There was a restaurant, "Vēja roze" ("Wind Rose"), at the 93 m level, which was open since the completion of the tower until 2006. Before the tower was closed to visitors in 2019, there was a public observation platform just above it at 97 m, from which most of the city and surroundings and the Gulf of Riga could be seen.

===Renovation===
The tower has been closed to visitors since 2019 as part of the TV Tower 2.0 renovation project. In April 2026, the renovation was scheduled to be completed by the end of 2029, with the tower's operations expected to continue during the work. The revised project includes restoration of the first three floors and public areas, while the upper sections and technical area are to remain untouched; the previously planned Foucault pendulum is not currently included.

==Construction==
The design chosen for the tower was that of Georgian architect Kims Nikuradze. Also credited are Nikolajs Sergijevskis and Viktors Savčenko. Construction materials included dolomite from Saaremaa, Karelian granite, and ironwork that had been prefabricated in Chelyabinsk. The assembly was done by the St Petersburg North-western Ironwork Assembly Trust.

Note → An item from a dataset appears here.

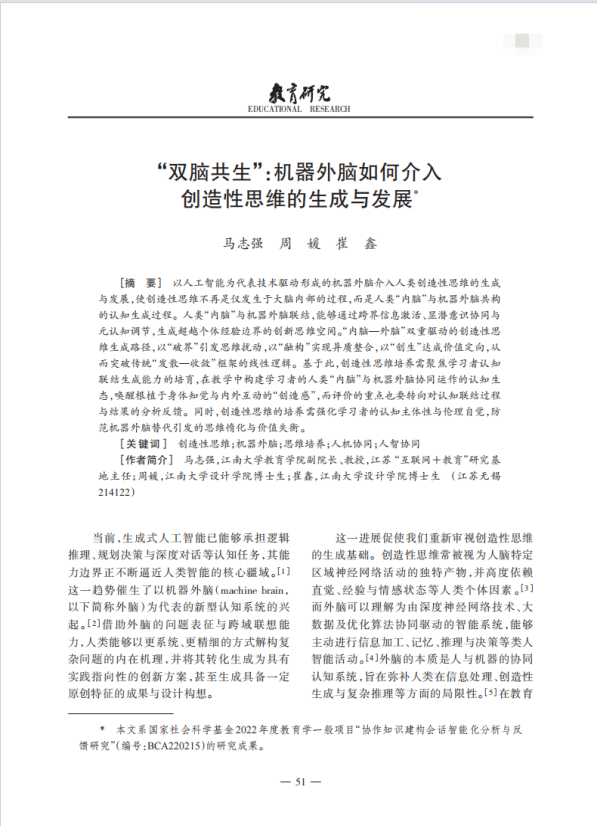 近日,人文学院马志强教授团队研究成果《“双脑共生”:机器外脑如何介入创造性思维的生成与发展》一文被我国教育学领域顶级期刊《教育研究》录用,论文刊载于该刊2026年第3期。

The tower is built on an island called Zaķusala (English: Hare Island) in the middle of the River Daugava, and the base of the tower is located about 7 m above mean sea level. The tower is built to resist winds up to 44 m/s without any noticeable vibration with the help of three 10 ST dampers installed at the 198 m level. Though seismic activity is rare, the tower was designed to withstand a magnitude 7.5 earthquake. The projected service life of the tower is 250 years.

===Bottom section===
The support section of the tower rises the first 88 m, comprising the three pillars that give the tower its unusual appearance, and a central building that contains offices and machine rooms. There are two high-speed sloping elevators, one in the north-east pillar and one in the south-west pillar, that ascend the bottom section in just 42 seconds. The third pillar contains a staircase. It is one of only three "tall" towers in the world that has 3 pillars; the others are the Avala Tower in Belgrade and Žižkov Television Tower in Prague.

===Middle section===
The middle section, at 88–222 m, contains equipment and a central elevator and is enclosed by panels of COR-TEN, an aluminum-iron alloy.

===Top section===
The top section, at 222–368 m, is a cylindrical structure which supports and contains the various antennas, and is topped by a flagpole. An elevator rises to the machine rooms at the 308 m level, and stairs ascend another 44 m.

==Operations==
The tower started broadcasting regularly in January 1986, though construction work continued until 1989.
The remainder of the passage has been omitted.